# Exercise description
Using the listing below, output only the lines from the one that contains "LARGE CHEST FREEZER" through the one that contains "Figure 1. Female", inclusive, exactly as given and without images.

*** Block opens ***

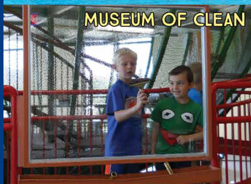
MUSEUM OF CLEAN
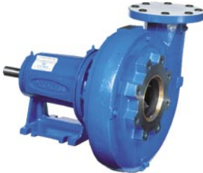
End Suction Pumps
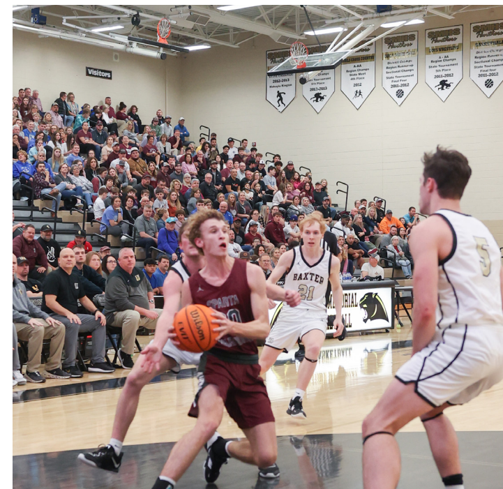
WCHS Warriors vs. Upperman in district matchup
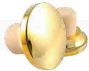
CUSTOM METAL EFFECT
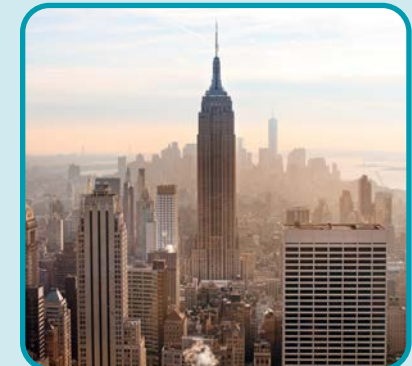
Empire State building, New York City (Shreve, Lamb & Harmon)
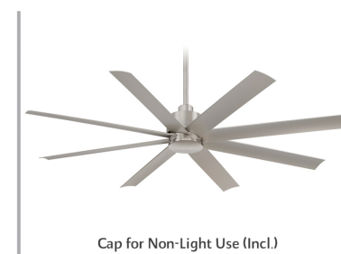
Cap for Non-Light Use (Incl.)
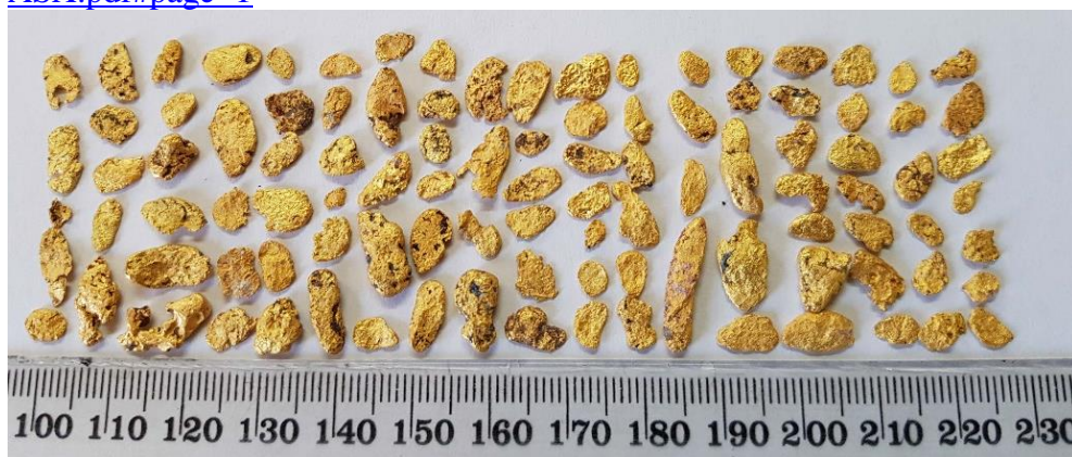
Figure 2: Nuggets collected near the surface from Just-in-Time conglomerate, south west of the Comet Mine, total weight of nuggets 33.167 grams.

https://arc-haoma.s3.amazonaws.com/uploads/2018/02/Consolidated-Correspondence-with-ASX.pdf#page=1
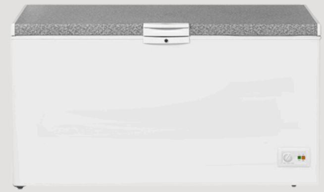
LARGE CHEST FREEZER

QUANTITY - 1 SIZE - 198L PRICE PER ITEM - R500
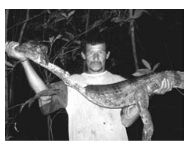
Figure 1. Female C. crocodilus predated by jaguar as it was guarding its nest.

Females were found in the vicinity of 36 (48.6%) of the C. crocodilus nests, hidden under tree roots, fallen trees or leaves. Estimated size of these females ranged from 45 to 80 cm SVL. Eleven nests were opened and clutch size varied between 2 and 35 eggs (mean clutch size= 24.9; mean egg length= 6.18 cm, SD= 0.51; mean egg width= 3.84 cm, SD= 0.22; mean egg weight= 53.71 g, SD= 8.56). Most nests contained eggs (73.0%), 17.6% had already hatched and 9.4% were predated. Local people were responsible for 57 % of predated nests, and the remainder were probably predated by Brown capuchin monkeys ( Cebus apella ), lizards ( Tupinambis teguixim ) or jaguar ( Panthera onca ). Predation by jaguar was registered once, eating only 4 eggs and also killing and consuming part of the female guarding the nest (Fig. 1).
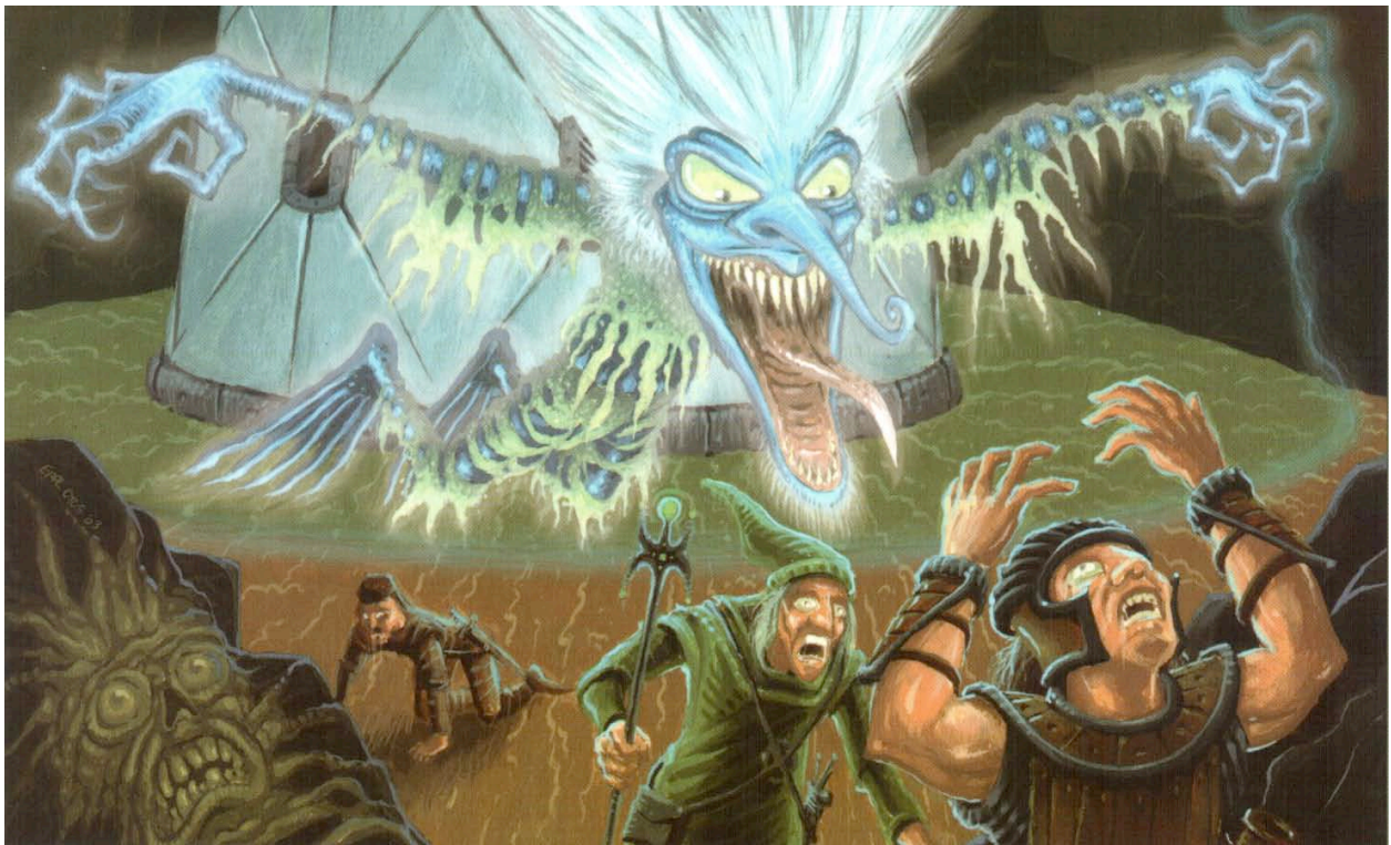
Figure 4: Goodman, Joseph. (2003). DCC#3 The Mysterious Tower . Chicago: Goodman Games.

*** Block closes ***

# Output of the task
LARGE CHEST FREEZER

QUANTITY - 1 SIZE - 198L PRICE PER ITEM - R500
Figure 1. Female C. crocodilus predated by jaguar as it was guarding its nest.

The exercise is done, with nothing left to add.